PROMPT: Go to the line with "Интерьер коттеджа оформлен" in the records below, then output it and each following line exactly, up to and including the line with "Franz Schubert - 15". Skip pictures and add nothing.

Excerpts from a dataset:
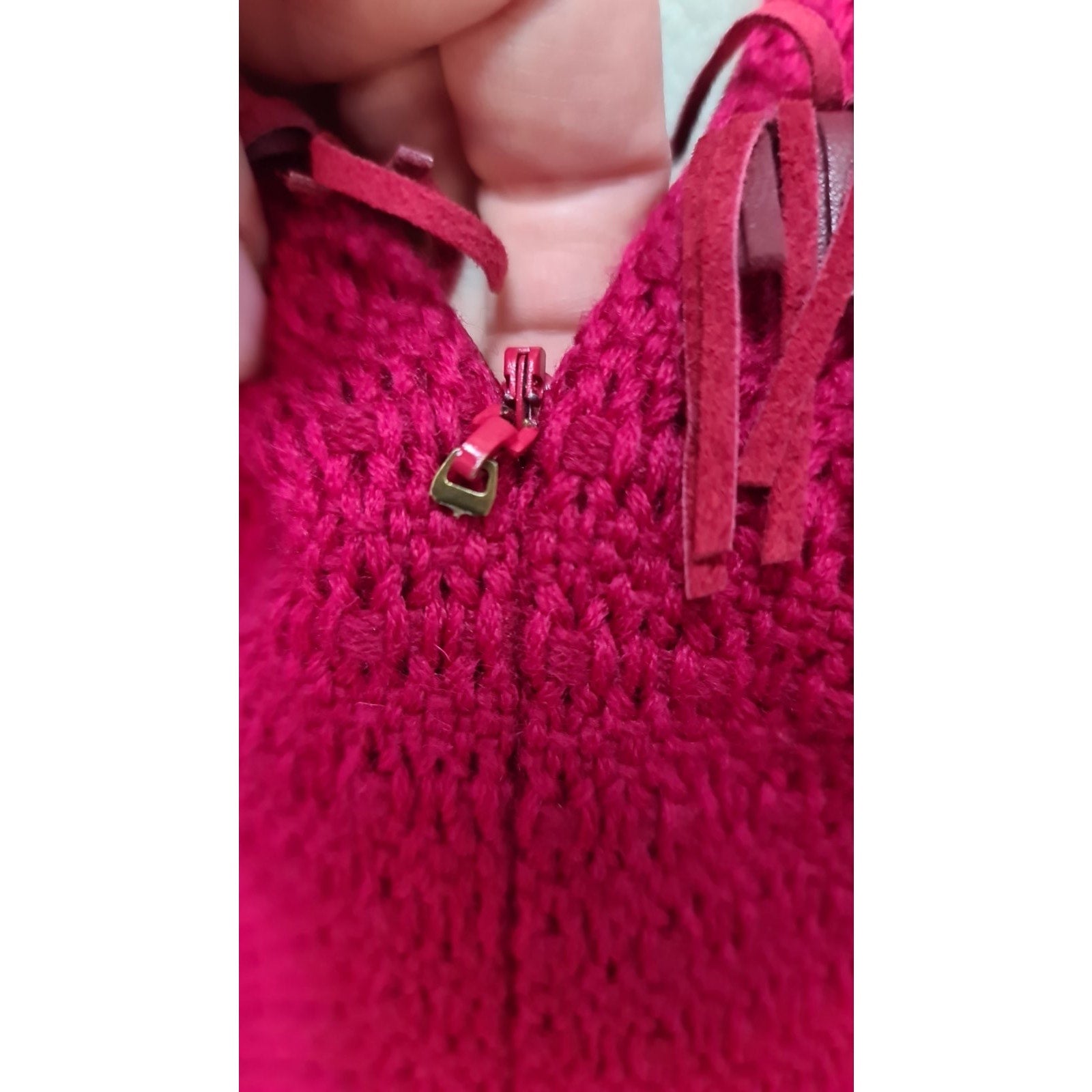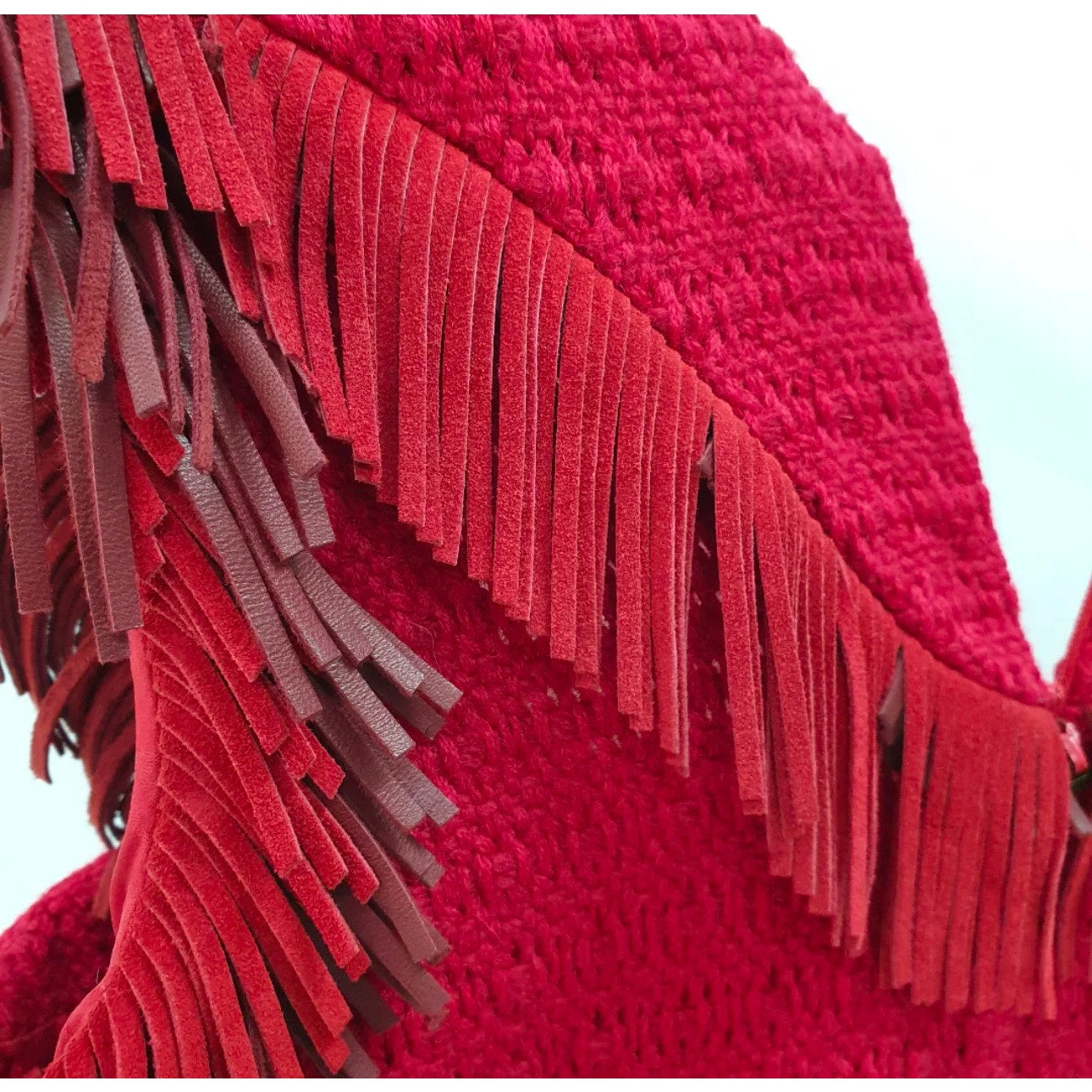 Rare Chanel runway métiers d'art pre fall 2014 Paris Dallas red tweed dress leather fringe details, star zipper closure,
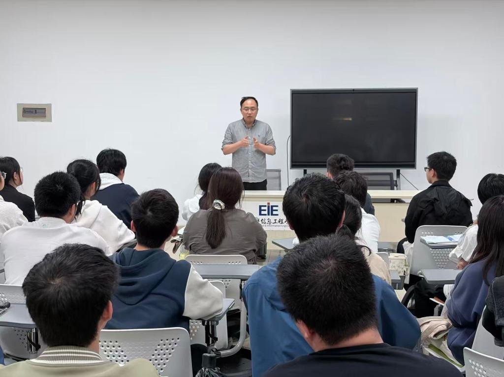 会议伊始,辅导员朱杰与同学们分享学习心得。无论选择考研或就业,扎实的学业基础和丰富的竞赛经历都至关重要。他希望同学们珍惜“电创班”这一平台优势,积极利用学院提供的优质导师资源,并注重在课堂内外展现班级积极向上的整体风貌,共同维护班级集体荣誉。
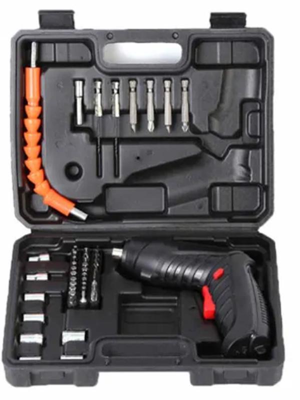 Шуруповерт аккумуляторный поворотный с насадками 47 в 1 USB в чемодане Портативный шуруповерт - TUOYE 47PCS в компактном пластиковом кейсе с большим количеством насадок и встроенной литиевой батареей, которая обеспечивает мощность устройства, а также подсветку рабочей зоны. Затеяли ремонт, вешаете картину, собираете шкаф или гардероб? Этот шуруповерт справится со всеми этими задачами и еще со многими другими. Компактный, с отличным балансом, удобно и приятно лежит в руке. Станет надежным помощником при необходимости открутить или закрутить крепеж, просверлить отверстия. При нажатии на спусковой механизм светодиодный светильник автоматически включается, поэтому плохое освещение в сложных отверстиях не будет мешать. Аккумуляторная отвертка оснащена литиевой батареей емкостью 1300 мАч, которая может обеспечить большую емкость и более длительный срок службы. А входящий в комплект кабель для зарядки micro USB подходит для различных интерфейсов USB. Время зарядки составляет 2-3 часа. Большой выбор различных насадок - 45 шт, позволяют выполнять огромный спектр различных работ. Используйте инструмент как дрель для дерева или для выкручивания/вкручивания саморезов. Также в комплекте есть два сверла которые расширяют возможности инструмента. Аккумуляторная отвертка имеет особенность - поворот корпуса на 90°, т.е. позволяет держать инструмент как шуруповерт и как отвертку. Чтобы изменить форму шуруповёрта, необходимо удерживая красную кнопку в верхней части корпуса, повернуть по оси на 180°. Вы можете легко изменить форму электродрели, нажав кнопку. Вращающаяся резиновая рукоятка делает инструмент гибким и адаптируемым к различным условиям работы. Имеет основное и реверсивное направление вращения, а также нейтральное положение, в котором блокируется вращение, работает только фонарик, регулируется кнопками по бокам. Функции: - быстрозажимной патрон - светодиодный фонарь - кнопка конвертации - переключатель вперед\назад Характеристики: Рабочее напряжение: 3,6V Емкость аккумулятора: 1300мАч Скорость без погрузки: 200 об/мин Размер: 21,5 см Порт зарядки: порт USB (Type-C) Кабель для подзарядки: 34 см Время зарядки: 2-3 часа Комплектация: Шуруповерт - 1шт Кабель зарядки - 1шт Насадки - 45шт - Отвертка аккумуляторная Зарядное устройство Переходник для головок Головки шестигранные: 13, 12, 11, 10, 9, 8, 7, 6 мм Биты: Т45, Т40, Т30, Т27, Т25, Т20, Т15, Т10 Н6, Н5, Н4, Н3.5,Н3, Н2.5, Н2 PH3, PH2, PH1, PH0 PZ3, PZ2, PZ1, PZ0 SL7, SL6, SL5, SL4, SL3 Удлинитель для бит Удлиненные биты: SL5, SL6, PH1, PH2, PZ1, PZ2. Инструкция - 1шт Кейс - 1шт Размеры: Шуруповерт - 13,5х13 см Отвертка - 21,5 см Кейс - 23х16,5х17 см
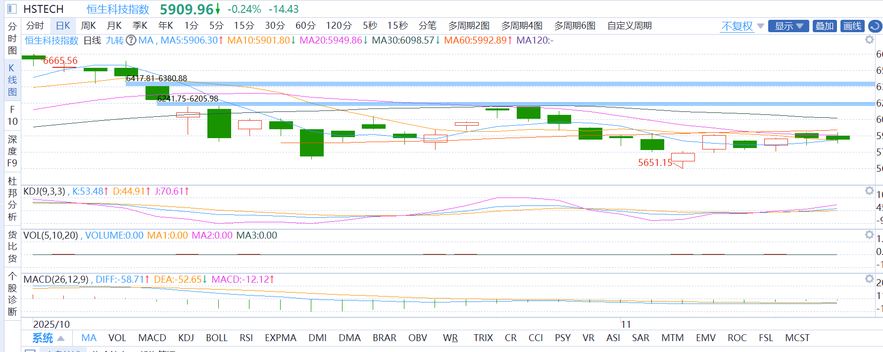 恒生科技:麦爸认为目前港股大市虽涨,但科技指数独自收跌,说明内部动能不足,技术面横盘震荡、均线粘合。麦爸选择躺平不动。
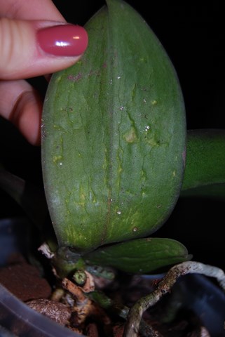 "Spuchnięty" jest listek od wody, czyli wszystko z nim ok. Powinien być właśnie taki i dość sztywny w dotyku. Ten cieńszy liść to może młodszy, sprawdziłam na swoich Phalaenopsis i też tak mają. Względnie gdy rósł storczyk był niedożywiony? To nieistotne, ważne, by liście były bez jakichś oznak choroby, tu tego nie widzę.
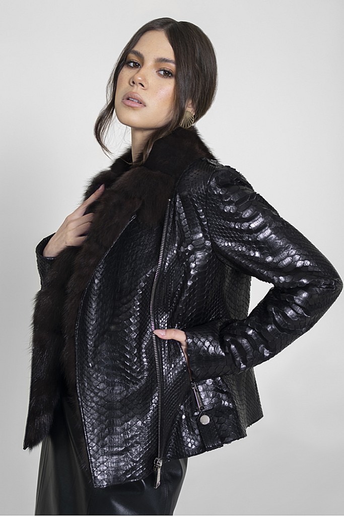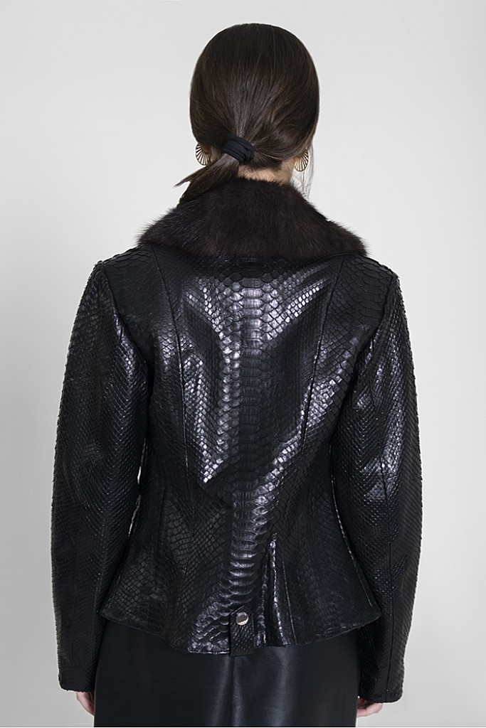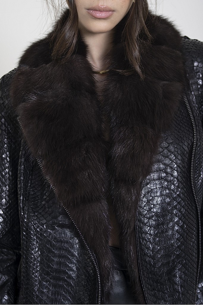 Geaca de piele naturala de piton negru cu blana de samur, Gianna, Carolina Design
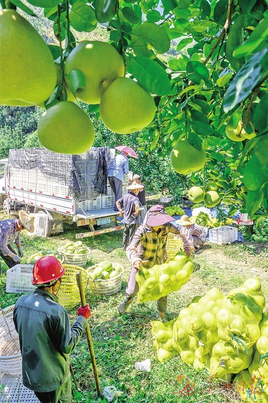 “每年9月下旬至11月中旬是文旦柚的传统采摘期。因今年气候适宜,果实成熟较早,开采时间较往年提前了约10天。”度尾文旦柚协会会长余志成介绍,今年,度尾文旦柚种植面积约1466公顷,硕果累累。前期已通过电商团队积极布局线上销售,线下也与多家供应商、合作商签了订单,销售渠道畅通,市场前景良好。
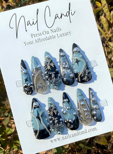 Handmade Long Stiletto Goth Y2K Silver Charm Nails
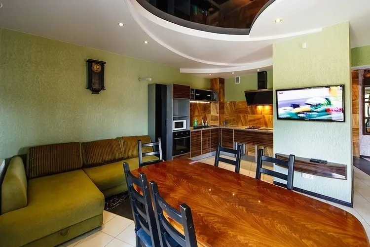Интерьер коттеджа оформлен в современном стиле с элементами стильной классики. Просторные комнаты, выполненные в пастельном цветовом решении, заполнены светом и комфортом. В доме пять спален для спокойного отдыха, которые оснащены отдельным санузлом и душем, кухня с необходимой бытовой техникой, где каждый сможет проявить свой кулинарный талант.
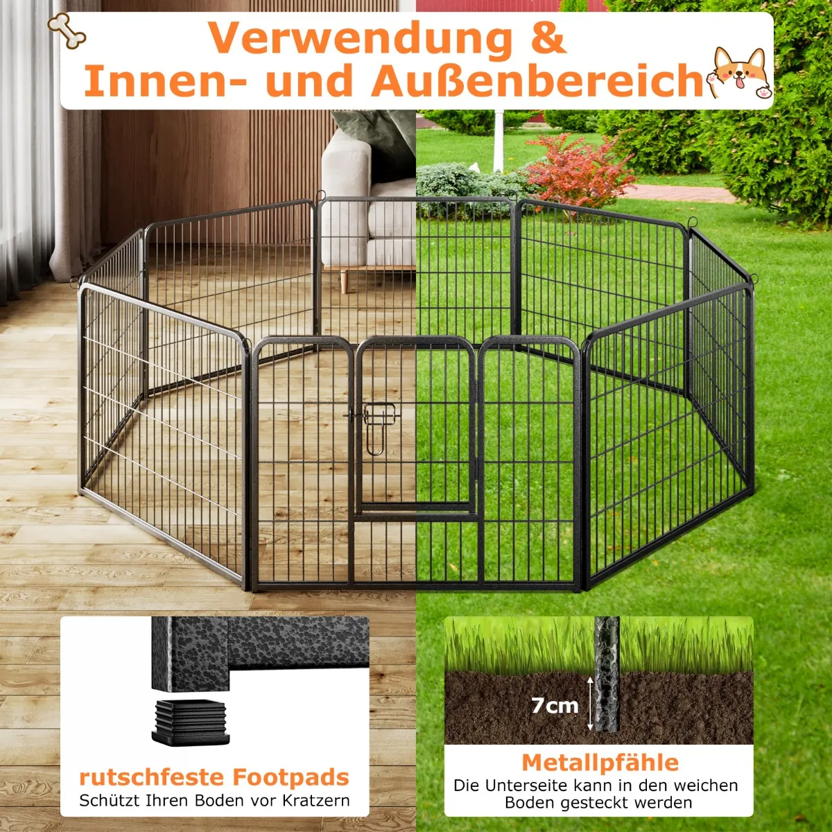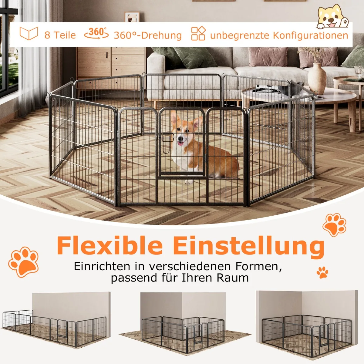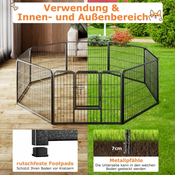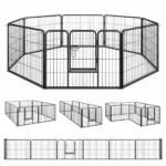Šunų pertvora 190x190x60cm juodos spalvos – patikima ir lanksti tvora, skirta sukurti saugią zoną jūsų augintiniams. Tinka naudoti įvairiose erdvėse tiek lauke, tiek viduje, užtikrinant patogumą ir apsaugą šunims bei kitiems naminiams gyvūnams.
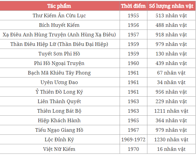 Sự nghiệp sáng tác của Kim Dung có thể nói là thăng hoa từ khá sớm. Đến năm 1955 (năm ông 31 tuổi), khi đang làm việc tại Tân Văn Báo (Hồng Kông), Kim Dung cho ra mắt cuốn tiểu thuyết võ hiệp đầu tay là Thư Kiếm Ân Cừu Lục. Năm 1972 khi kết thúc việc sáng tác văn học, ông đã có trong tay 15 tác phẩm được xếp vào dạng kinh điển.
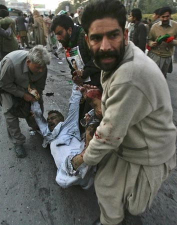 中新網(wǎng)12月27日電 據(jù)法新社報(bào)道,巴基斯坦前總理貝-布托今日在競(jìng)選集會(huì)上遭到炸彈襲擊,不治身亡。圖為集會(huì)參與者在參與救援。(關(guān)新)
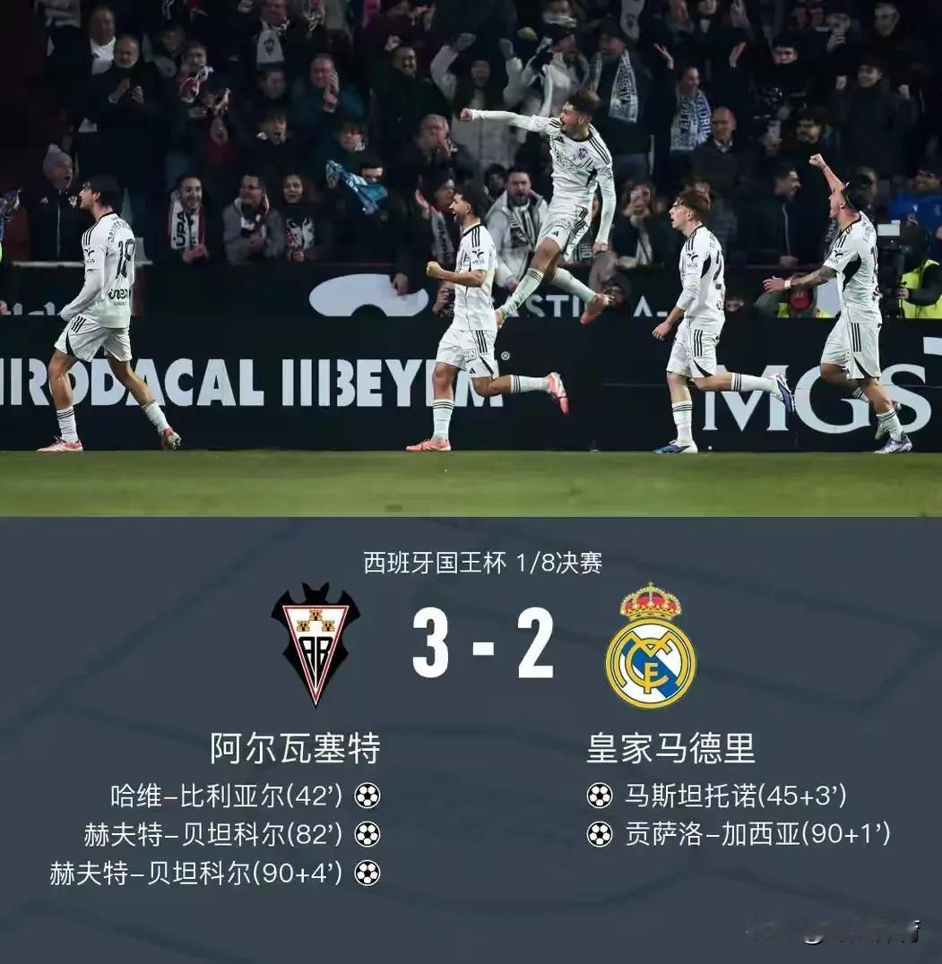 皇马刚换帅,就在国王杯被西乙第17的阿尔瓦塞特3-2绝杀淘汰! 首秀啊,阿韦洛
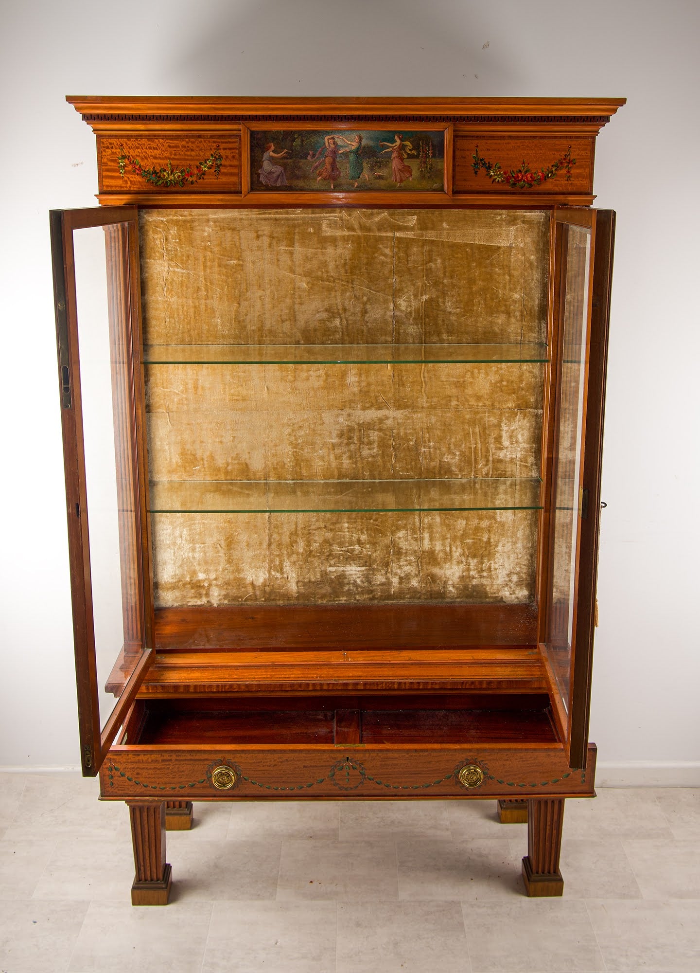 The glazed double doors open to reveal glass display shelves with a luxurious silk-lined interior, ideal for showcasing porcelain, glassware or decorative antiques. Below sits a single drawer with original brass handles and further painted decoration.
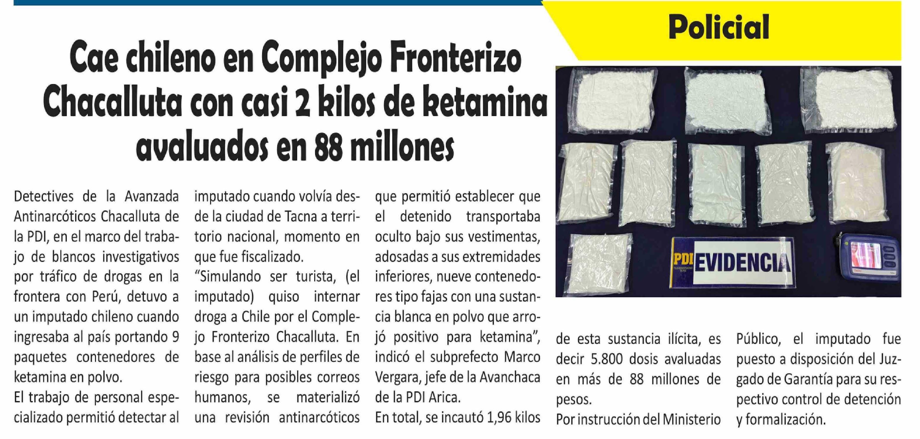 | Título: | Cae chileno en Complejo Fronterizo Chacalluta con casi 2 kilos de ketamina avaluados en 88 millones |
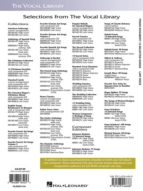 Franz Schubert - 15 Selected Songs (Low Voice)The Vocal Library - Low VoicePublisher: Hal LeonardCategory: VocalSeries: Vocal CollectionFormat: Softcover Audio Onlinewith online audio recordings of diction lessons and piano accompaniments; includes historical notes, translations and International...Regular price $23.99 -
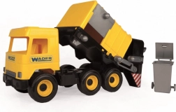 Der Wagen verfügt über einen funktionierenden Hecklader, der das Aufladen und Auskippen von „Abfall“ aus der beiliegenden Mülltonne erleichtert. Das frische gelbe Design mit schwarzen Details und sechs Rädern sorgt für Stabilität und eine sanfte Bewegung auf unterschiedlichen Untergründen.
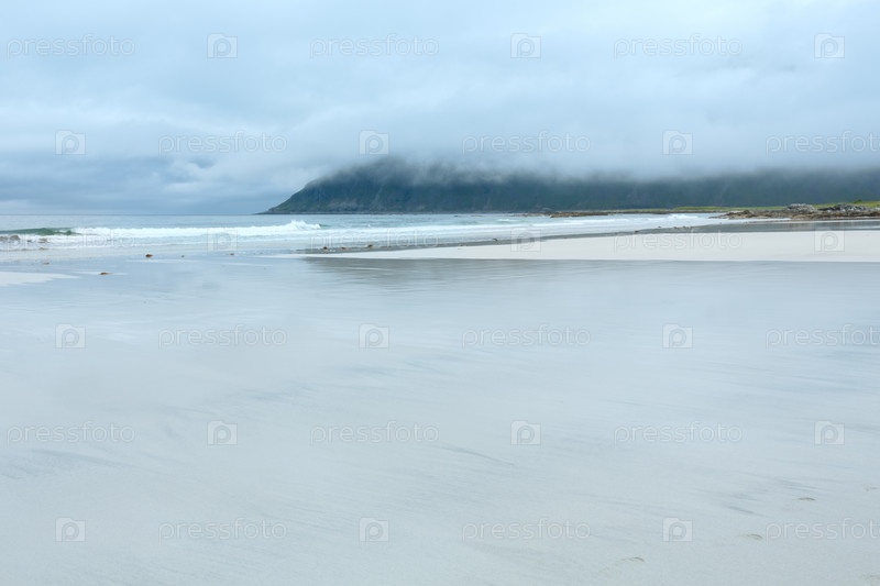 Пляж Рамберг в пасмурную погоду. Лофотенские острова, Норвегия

TASK SOLUTION:
Интерьер коттеджа оформлен в современном стиле с элементами стильной классики. Просторные комнаты, выполненные в пастельном цветовом решении, заполнены светом и комфортом. В доме пять спален для спокойного отдыха, которые оснащены отдельным санузлом и душем, кухня с необходимой бытовой техникой, где каждый сможет проявить свой кулинарный талант.
Šunų pertvora 190x190x60cm juodos spalvos – patikima ir lanksti tvora, skirta sukurti saugią zoną jūsų augintiniams. Tinka naudoti įvairiose erdvėse tiek lauke, tiek viduje, užtikrinant patogumą ir apsaugą šunims bei kitiems naminiams gyvūnams.
 Sự nghiệp sáng tác của Kim Dung có thể nói là thăng hoa từ khá sớm. Đến năm 1955 (năm ông 31 tuổi), khi đang làm việc tại Tân Văn Báo (Hồng Kông), Kim Dung cho ra mắt cuốn tiểu thuyết võ hiệp đầu tay là Thư Kiếm Ân Cừu Lục. Năm 1972 khi kết thúc việc sáng tác văn học, ông đã có trong tay 15 tác phẩm được xếp vào dạng kinh điển.
 中新網(wǎng)12月27日電 據(jù)法新社報(bào)道,巴基斯坦前總理貝-布托今日在競(jìng)選集會(huì)上遭到炸彈襲擊,不治身亡。圖為集會(huì)參與者在參與救援。(關(guān)新)
 皇马刚换帅,就在国王杯被西乙第17的阿尔瓦塞特3-2绝杀淘汰! 首秀啊,阿韦洛
 The glazed double doors open to reveal glass display shelves with a luxurious silk-lined interior, ideal for showcasing porcelain, glassware or decorative antiques. Below sits a single drawer with original brass handles and further painted decoration.
 | Título: | Cae chileno en Complejo Fronterizo Chacalluta con casi 2 kilos de ketamina avaluados en 88 millones |
 Franz Schubert - 15 Selected Songs (Low Voice)The Vocal Library - Low VoicePublisher: Hal LeonardCategory: VocalSeries: Vocal CollectionFormat: Softcover Audio Onlinewith online audio recordings of diction lessons and piano accompaniments; includes historical notes, translations and International...Regular price $23.99 -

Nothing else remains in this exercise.